Institute of Historial Research Digital History Postgraduate Seminar: Information Extraction and Entity Linkage in Historical Crime Records (2020)
Abstract: This research seeks to discover and invent methodology to parse en-masse a subset of the British Library Newspapers set of digitised newspapers: crime reports in nineteenth century London. The goal of this research is to corroborate and augment the existing information in the Digital Panopticon, by using newspaper reports of police court hearings to shed light on the criminal justice processes that took place before a case made it to the Old Bailey, giving historians structured access to a valuable additional source of crime data. This presentation will cover the project’s progress so far, from initial named entity recognition and entity linkage experimentation, and the research currently being carried out to help alleviate some of the pitfalls of these processes.
Undergraduate Dissertation: “Triple Scoring: Scoring and ranking the truth of factual triples” (2018)

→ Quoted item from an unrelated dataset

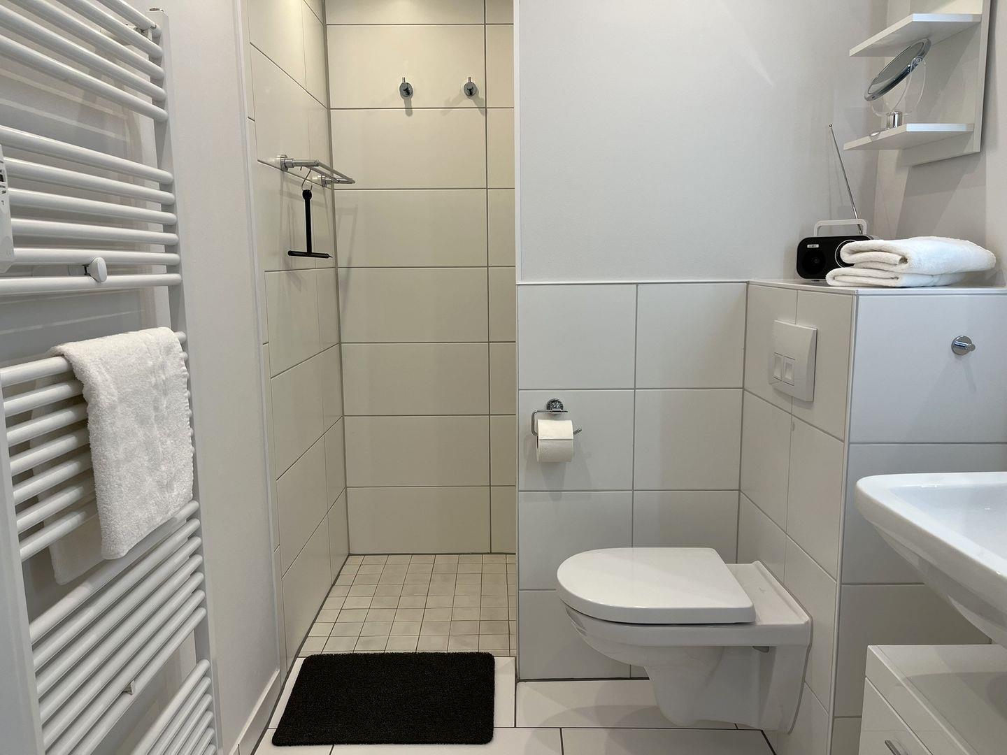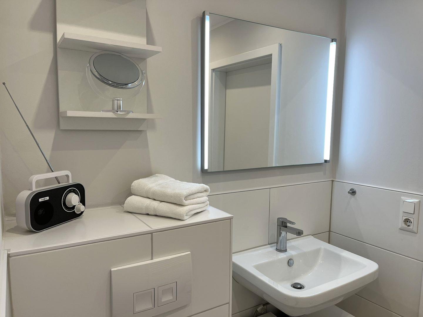 Ein modernes Bad mit Dusche (ebenerdiger Einstieg) und einem Handtuchwärmer rundet diese Wohnung perfekt ab.

Abstract: In a lot of cases, what we consider a fact essentially boils down to “x is y”. Facts such as “the sky is blue”, “space is cold”, “the universe is huge”, all essentially follow this format: subject-relation-object. This is advantageous, as it allows us to represent facts in a very mathematical way, one which can be parsed by a computer. This project aims to create a model that can assign a numeric truth score to a type-like relation triple. These triples take the form of (subject, relation, object), and can be used to represent a fact. In this project, a triple scoring model is designed for the WSDM Cup 2017 Triple Scoring task. The model utilises large corpora, and performs natural language processing and information retrieval techniques to corroborate and rank facts, culminating in a model that achieves an 8th place result out of a pool of 21 solutions.